Hi, I have designed a banner that should run across the whole width of an a4 piece of paper for a customer. I cannot find how to insert this into a word doccument without it having a border/margin all around it which is about 3mm. I have tried to 0 all margins but word wants a default. I am just inserting the banner as a jpeg and manually positioning it at the top is this right? many thanks if you can help.sam


----------



## cwwozniak (Nov 29, 2005)

I believe the MS-Word sets its minimum margin settings based on the printable area of the currently selected printer. Does the currently selected printer support borderless printing on A4 paper?


----------



## Anne Troy (Feb 14, 1999)

The woz is correct. No can do unless your printer can do.

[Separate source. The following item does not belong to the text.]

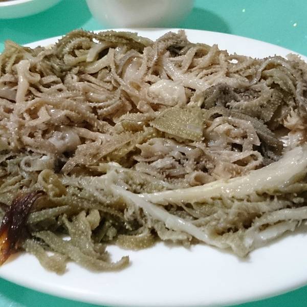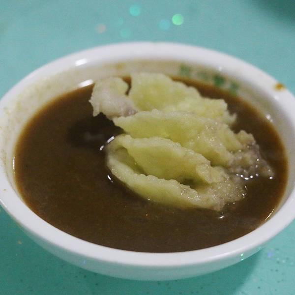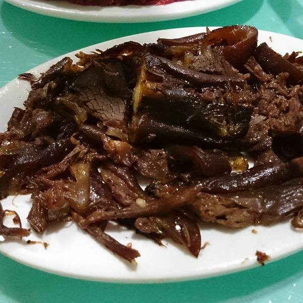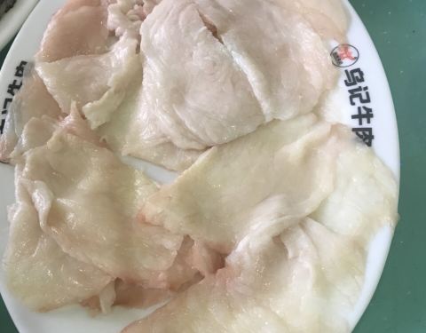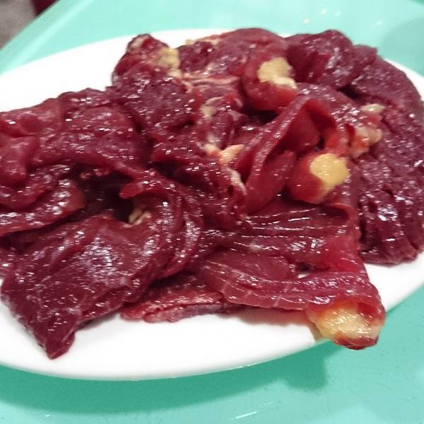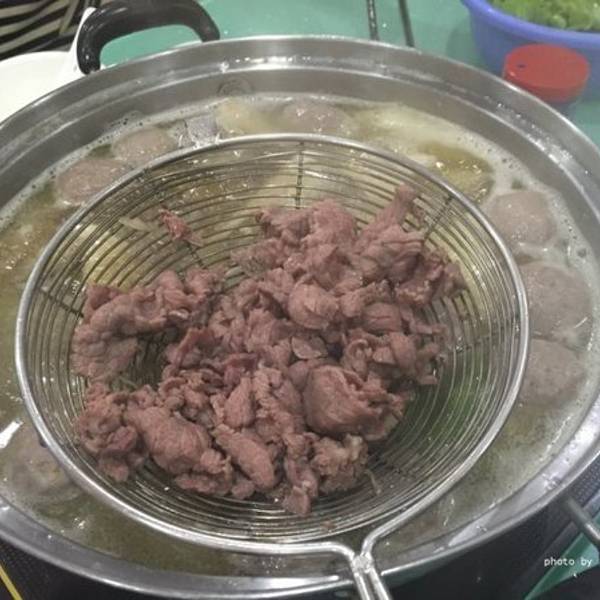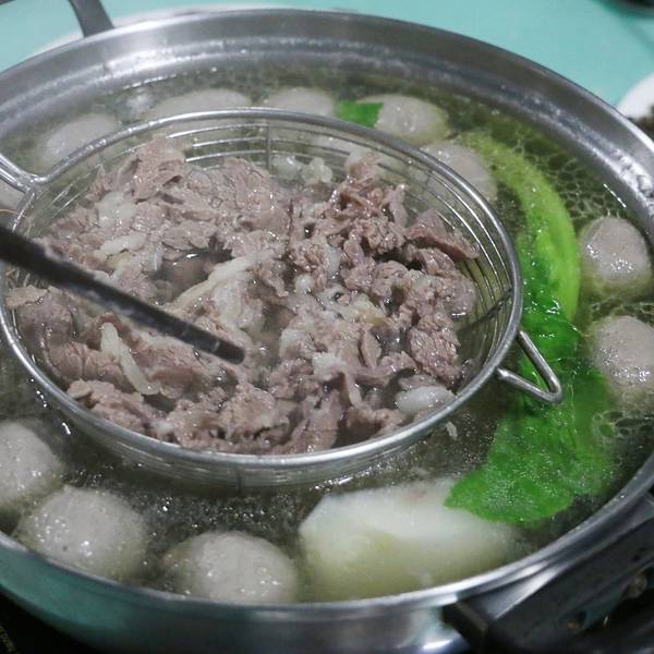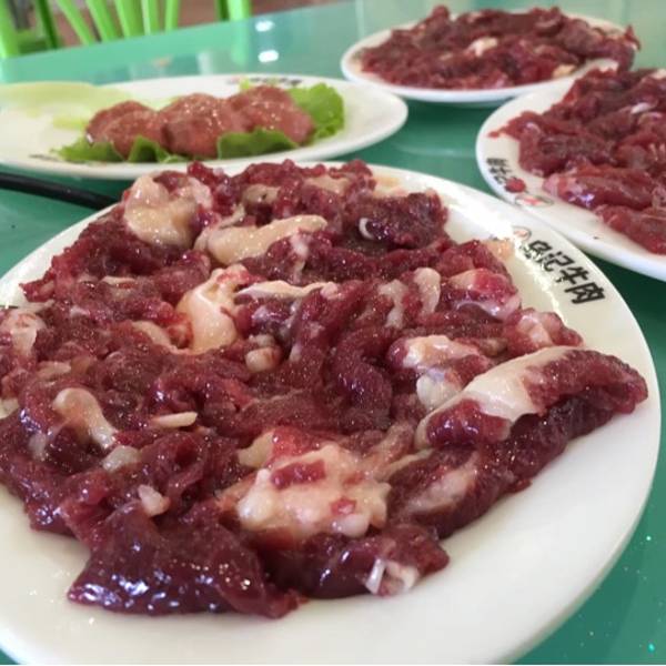 环境不敢恭维,油乎乎的桌面和满地的纸巾,而且店很大,看着热腾腾的锅子还只有吹风扇,可是吃上肉之后,让环境什么的见鬼去吧!牛肉怎么会这么好吃!爽脆清甜!如果是让我自己选,我肯定是不会进来的,可是当地人可是强推此店,而且都是回头几十次的客,咱们外地人吃完了还想吃!先来一盘卤好的肉,每天限量供应,非常入味。是下酒的好菜!接下来,是一盘嘎嘣脆的牛百叶,看着颜色绝对和平日看到惨白惨白的比起来健康多了,好歹证明了它不是用化学药漂过的哈!再来一盘生丸,这都是店家现打出来的,放到锅里烫,不一会儿就熟了,口感Q弹,牛肉味浓郁!好吃到想哭啊!!这种带一点点油的肉肉非常好吃,本来以为油的部分会腻,可是超乎想象,就是这块油让肉肉变得更加香喷喷了!出锅了,有没有很诱人?激动的我拍照都手抖了。。。其实我觉得最不可思议的是这盘牛油,纯!牛!油!开始看到的时候不禁在内心发出了EW~的感叹,可是在友人的鼓动下,尝了一下,一发不可收拾!是脆的,而且居然一点都不腻?!推荐大家可以大胆尝试,不过不要吃太多,容易拉肚哈哈哈~~不要问我为什么知道!

See:
http://www.officearticles.com/word/troubleshoot_printing_issues_in_microsoft_word.htm


----------



## sam joyce (Oct 18, 2007)

Thanks guys, Im hacked off with word ,my customer has accepted the banner wont run off the page edge but I cant even centre it to page top its shifting slightly right even though settings are centre, I know all the adobe programs like the back of my hand but cant do this simple thing!


----------



## Anne Troy (Feb 14, 1999)

LOL. Word isn't causing the problem. THE PRINTER IS. Get a printer that is capable of printing to the edge of the paper, and it'll work just fine. Send the file to me, Sam, and I'll fix it up for you. Include your phone number. Email to anne at office articles dot com


----------



## cwwozniak (Nov 29, 2005)

If your customer has a printer that can print to the edge of the paper, you may be able to install that printer driver on your computer and have Word use those settings. If their printer does not support it then there is nothing that Word could do about it; it's a hardware problem not software problem.

As for the centering ...

Are the left and right margins equal in Word?

If the graphic is in-line with text have you made sure there is no leading white space characters ahead of it?


----------